Reward Sharpness-Aware Fine-Tuning for Diffusion Models¶
Conference: CVPR 2026
Paper: CVF Open Access
Code: None
Area: Diffusion Models / Image Generation / RLHF Alignment
Keywords: Reward hacking, Diffusion model fine-tuning, Sharpness-Aware, Adversarial robustness, Plug-and-play
TL;DR¶
This paper diagnoses "reward hacking" (where reward scores increase while visual quality degrades) in Reward-Directed Reinforcement Learning (RDRL) for diffusion models as a form of "adversarial attack." The core issue is that reward models lack robustness in directions where their loss surfaces are steep. To address this, RSA-FT is proposed. Instead of retraining the reward model, it utilizes the gradient of a "smoothed" reward model. This is achieved by simultaneously applying perturbations in the image space (adversarial input perturbation) and parameter space (SAM-style weight perturbation) to find the local worst reward. This dual approach significantly mitigates reward hacking and can be integrated as a plug-and-play module into various RDRL frameworks such as ReFL, DRaFT-K, AlignProp, and DRTune across multiple diffusion backbones.
Background & Motivation¶
Background: Inspired by the success of RLHF in Large Language Models (LLMs), text-to-image diffusion models have begun utilizing Reinforcement Learning (RL) fine-tuning to align with human preferences. This family of methods is known as Reward-Directed Reinforcement Learning (RDRL, e.g., ReFL, DRaFT-K, AlignProp, DRTune). Since collecting real-time human feedback during training is impractical, reward models (e.g., HPSv2) trained on human annotations serve as differentiable proxies for human preferences, allowing the diffusion model to perform gradient ascent on them.

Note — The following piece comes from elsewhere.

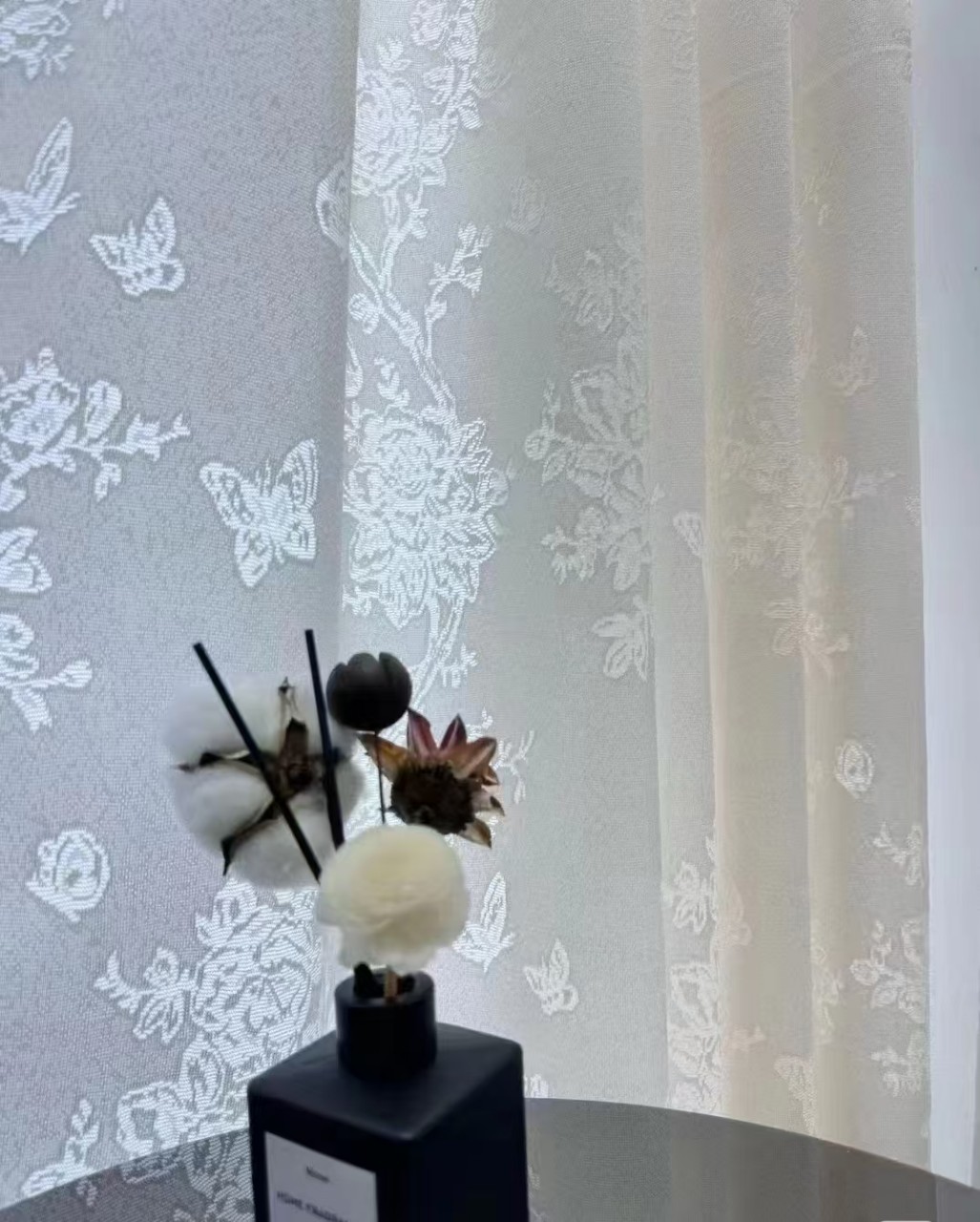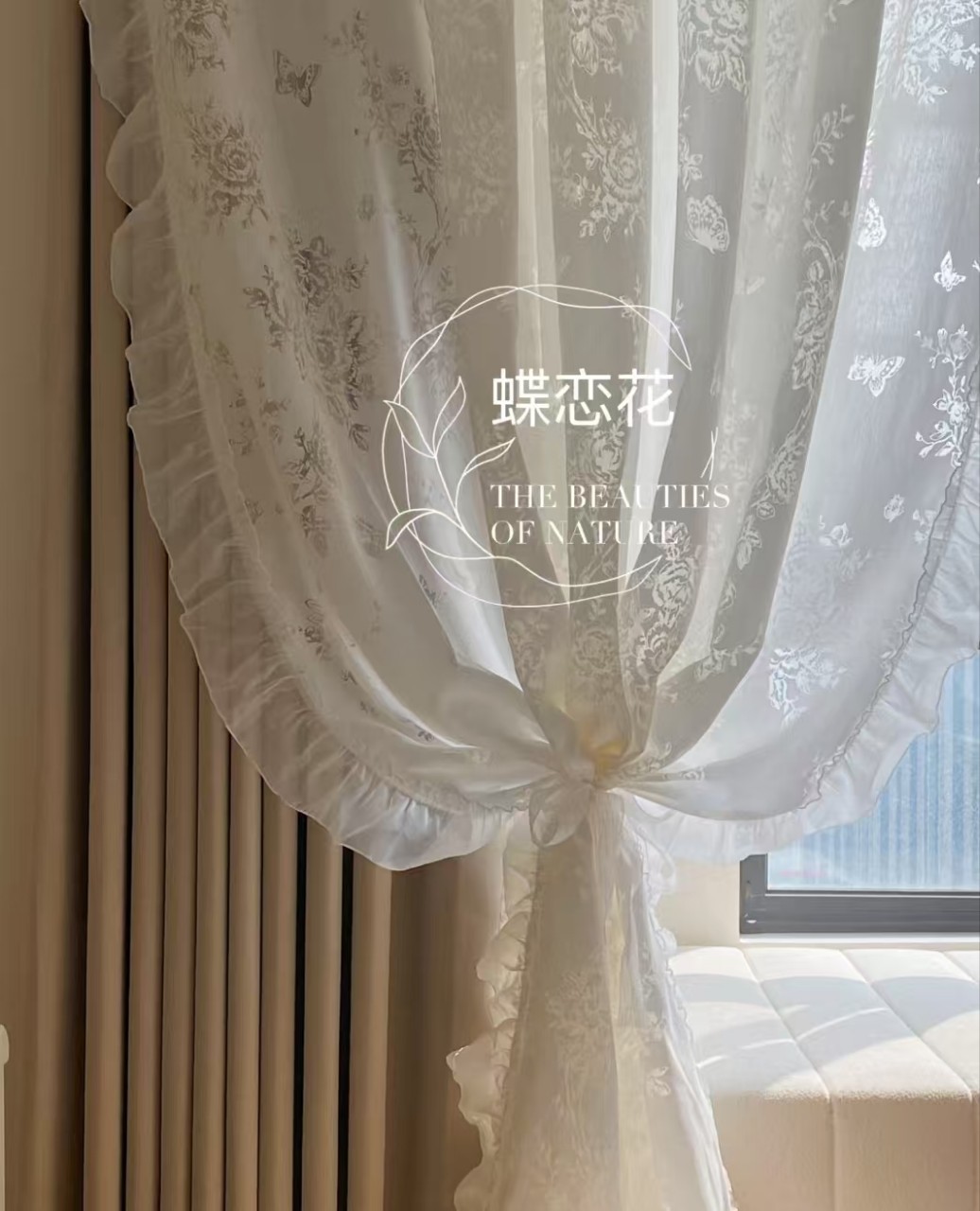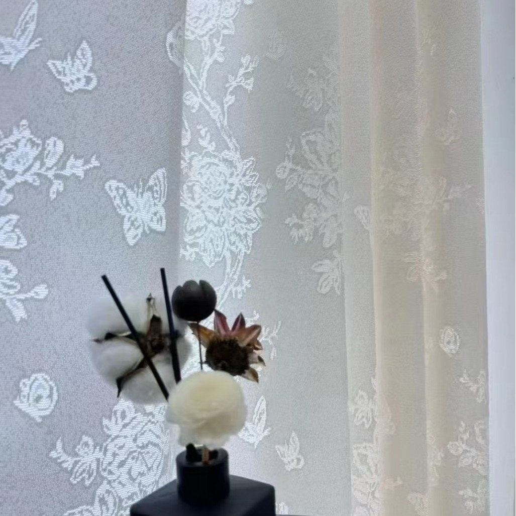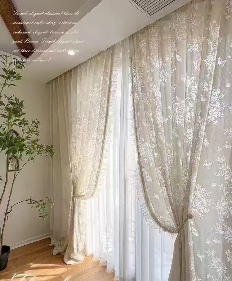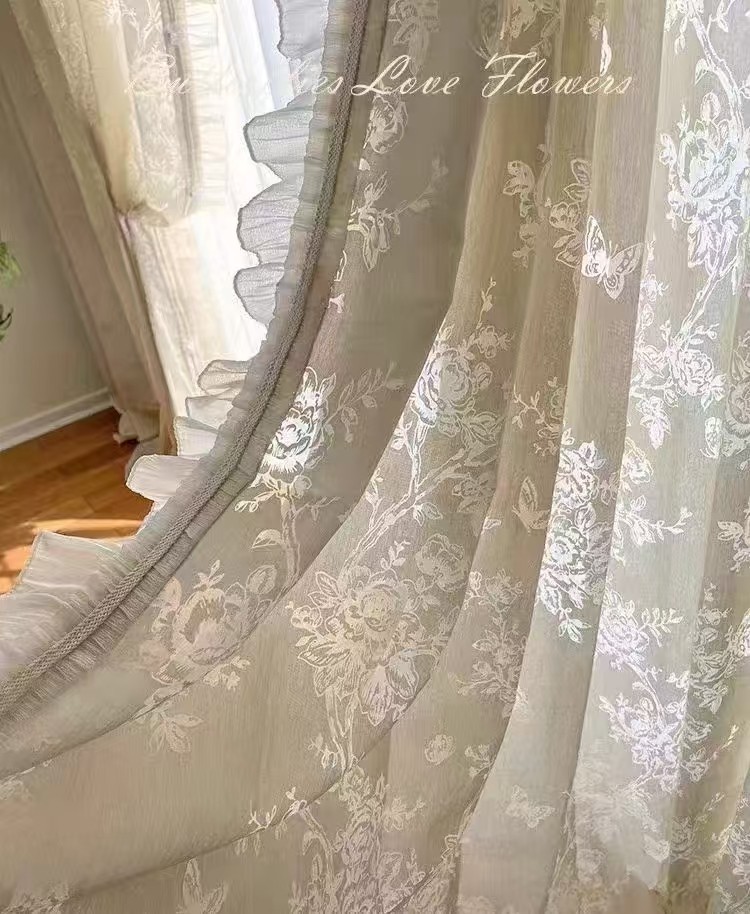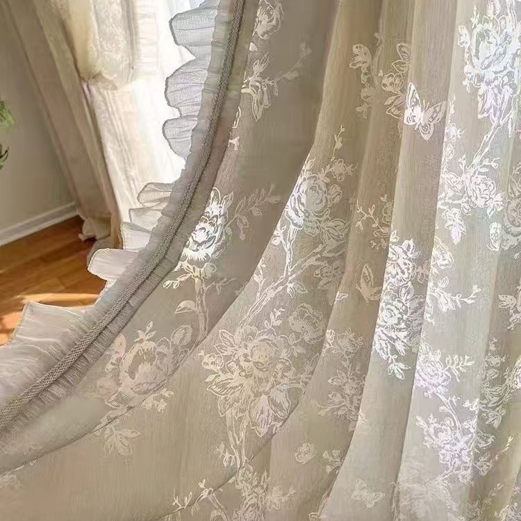 꽃과 나비가 사랑에 빠진 프랑스풍 앤틱 스타일의 창문 커튼, 낭만적인 복고풍 가정용 불투명 커튼

Limitations of Prior Work: RDRL common suffers from reward hacking, where reward scores consistently rise while perceptual quality stagnates or declines (e.g., garbled text, anatomical deformities). A systematic analysis of this phenomenon has been lacking in the context of diffusion RL.
Key Challenge: The reward model \(r\) is merely an approximation of the true human preference \(r^\star\). When the generator optimizes along certain "steep directions" of \(r\), it acts like an adversarial attack—tiny image perturbations can cause reward logits to skyrocket without real quality improvement, pushing the updates into isolated non-preferred regions that deviate from \(r^\star\). The authors draw an analogy: "Non-robust classifiers damage sample quality under classifier guidance, whereas robust classifiers obtained via adversarial training mitigate this." However, retraining an equivalently robust reward model for human preference alignment is excessively costly (requiring larger models and more annotations).

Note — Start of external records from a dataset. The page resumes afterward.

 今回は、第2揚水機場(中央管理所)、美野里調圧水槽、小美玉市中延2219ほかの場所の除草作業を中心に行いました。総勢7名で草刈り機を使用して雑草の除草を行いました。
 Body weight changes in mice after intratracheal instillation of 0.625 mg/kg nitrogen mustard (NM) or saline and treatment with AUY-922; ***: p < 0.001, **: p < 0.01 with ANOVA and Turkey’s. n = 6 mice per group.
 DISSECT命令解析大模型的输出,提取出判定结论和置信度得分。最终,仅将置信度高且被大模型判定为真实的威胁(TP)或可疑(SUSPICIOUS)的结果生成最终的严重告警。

Goal: To "robustify/smooth" the reward model without retraining it, thereby suppressing reward hacking.
Key Insight: Drawing from randomized smoothing, robustness can be enhanced by smoothing the predictions of a fixed model rather than retraining. The authors observe that "reward models are precisely non-robust where the loss surface is steep," leading them to use the gradient of a smoothed reward model. Furthermore, this smoothing naturally induces "worst-case parameter perturbations," sharing origins with Sharpness-Aware Minimization (SAM). A duality exists between SAM (parameter space) and Adversarial Training (AT) (input space).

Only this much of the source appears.